According to Chikwenengere, she received messages from Bernstein in June 2020 asking if it were possible for Chikwenengere to send her the dress as a "gift." Along with a lengthy written caption, the designer backed up her story with screenshots of the alleged messages from Bernstein.
"I don’t usually gift products but she has 2.5 million followers and I was flattered she would want to wear it and hoped I’d see some business off the back of it," Chikwenengere wrote.
Although she was cautioned by friends who were aware of previous accusations against Bernstein of copying designs from small businesses, Chikwenengere decided to send her one of her dresses.
Over the weekend, Chikwenengere said she was surprised to see new photos on Bernstein's Instagram account of The Strappy Maxi, a design from WeWoreWhat's latest collection. Chikwenengere said she now believes Bernstein intended to copy her design all along.
"It is identical to mine. The one I have poured my heart and soul into, that is designed by me and handmade for every customer with ethically sourced materials each season," she wrote. "I know this is her MO, but I refuse to be cowed into silence," she wrote. "This is my design, she has posted it all over her social channels and it is on sale to her millions of followers. I am truly devastated. I have spent years building up my independent brand and it feels futile now...They have done it so many times, it cannot be a coincidence and cannot keep happening."
Chikwenengere's post was picked up by Diet Prada, a fashion watchdog site with more than 2.6 million followers. After catching wind of the allegations, Bernstein released a statement to her Instagram story denying Chikwenengere's claims that she copied her design.
The 28-year-old fashion mogul also said that the direct messages Chikwenengere shared were taken out of context and that while the dresses look similar in certain photos, she did not intentionally copy anyone's designs.
"I'm sick and tired of being accused of stealing designs or content that I absolutely did not," she wrote. "I am sick of screenshots of conversations without context or dates and part of something that looks similar. There will always be something that someone can say looks similar. These ridiculous claims for 15 minutes of fame are unfounded and unfair. My team and our freelance designer who came on to create these collections work extremely hard and I will not let their work be put down."
Bernstein later shared another message to her millions of followers in an effort to debunk Chikwenengere's accusations by explaining the context of their messages.
"The truth you aren't being exposed to," she wrote. "The original message offering for the dress to be gifted was unsent and not shown. I did not seek the dress to copy. [Diet Prada] knows this and failed to share the truth. This is our original sketch from my freelance designer. Tie back straps can be found a million ways with a quick Google search. You are only being shown images of one part of the dress because that is the only similarity."
Bernstein said she messaged Chikwenengere to apologize for not having worn the dress and claimed that the We Are KIN designer initially offered her the dress but purposely deleted the message from their exchange.

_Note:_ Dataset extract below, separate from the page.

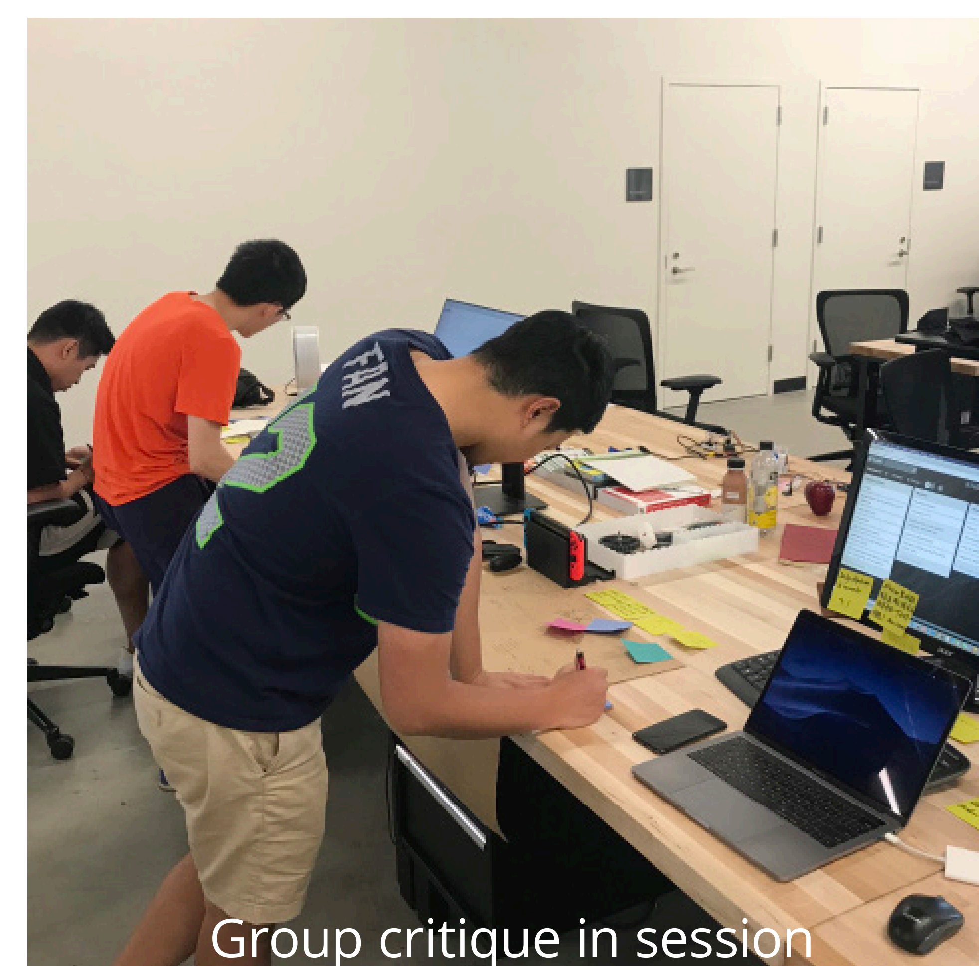
Group critique in session
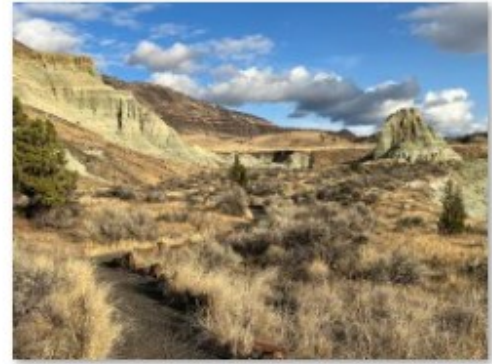
3 Blue Basin 2 - Sherrie Tallman

"I offered to her on the phone and also provide proof that our design was created completely independently of hers. With all of the false accusations in the press, I honestly don't even blame her for feeling this way," Bernstein went on.

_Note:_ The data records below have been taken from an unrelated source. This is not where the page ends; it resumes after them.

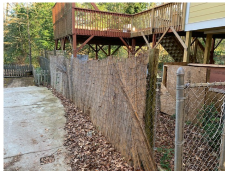
Existing fence left of driveway
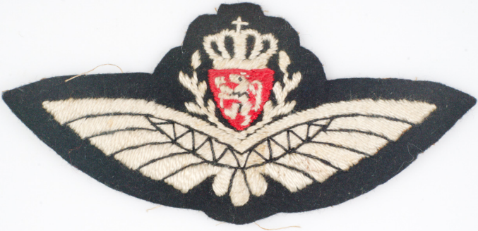
Silk RCAF Pilot Post-1940 pattern Unknown wartime maker
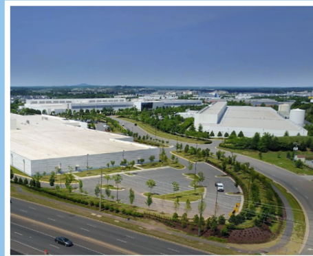
Overview of the Ashburn Corporate Center Complex.

Bernstein said she felt compelled to share screenshots and sketches with followers because Chikwenengere's claims have caused the WeWoreWhat team to receive "death threats" and "disturbing messages."
"I'm fed up with this false narrative being spread about me stealing designs when I have time after time proven each accusation false," she wrote. "Because the spreading of false information is rampant throughout social media and needs to be stopped. 1. I did not reach out asking for the dress. 2. I did not copy the dress."